I've also experimented with leaving out the cheese powder--and the salt--and putting in some Penzey's Buttermilk Dressing mix. I'd do that more if my husband was not so enamored of the cheese ones.
With your crowd, a double recipe will likely be inhaled within a day. π
May 3, 2020 at 10:36 am #23501I used to make a sour cream cinnamon raisin bread, my mother-in-law was especially fond of it. (I was experimenting with various combinations of sour cream, yogurt and applesauce.)
But I sort of lost interest in it when she died.
I need to make another try at the wild yeast (from raisins) starter and raisin bread recipe that Deb Wink and Jeffrey Hamelman put together for the BBGA magazine, BreadLines. I tried it earlier this year but the raisins developed the wrong kind of mold, it was probably 'noble rot'.

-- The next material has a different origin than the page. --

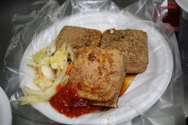 另外,羅東夜市裡最讓我念念不忘的就是阿灶伯的當歸羊肉湯,那次喝到簡直驚為天人,中藥的香和鮮嫩的羊肉相得益彰,而且不油膩,讓我魂牽夢縈了好久。這次去因為逢周六,遊客很多,我們排了20分鐘才吃到,可是一上桌我就皺眉頭,怎麼本來清澈的湯上面浮了一層油,雖然湯頭還是很香,不過吃到後來越覺得油膩,我一碗凸了好久。他們的臭豆腐印象中也是外酥內軟很多汁的那種,老吳上次還一次喀掉兩盤,沒想這這次去臭豆腐完全變了一個樣子,一樣是外酥內軟,可是...就變得比較普通。唉~不知道是不是人太多了,我只覺得整趟吃下來讓我有點傷心,找不到記憶中的味道阿~(因為周末人太多我就沒有拍照了,放兩張兩年前拍的照片讓大家聞香一下,若要看看現在的,可以看看其他部落客的分享喔)

May 3, 2020 at 9:12 pm #23517On Saturday I made my usual bun recipe but this time I decreased the yeast from 7 grams to 4. It took about 30 minutes more on both the first and second rise and I didn't get as much oven spring. But they had a real pleasant aroma (better than usual) when they were baking and the taste and texture is very good. I think this is the way I'll be doing them from now on.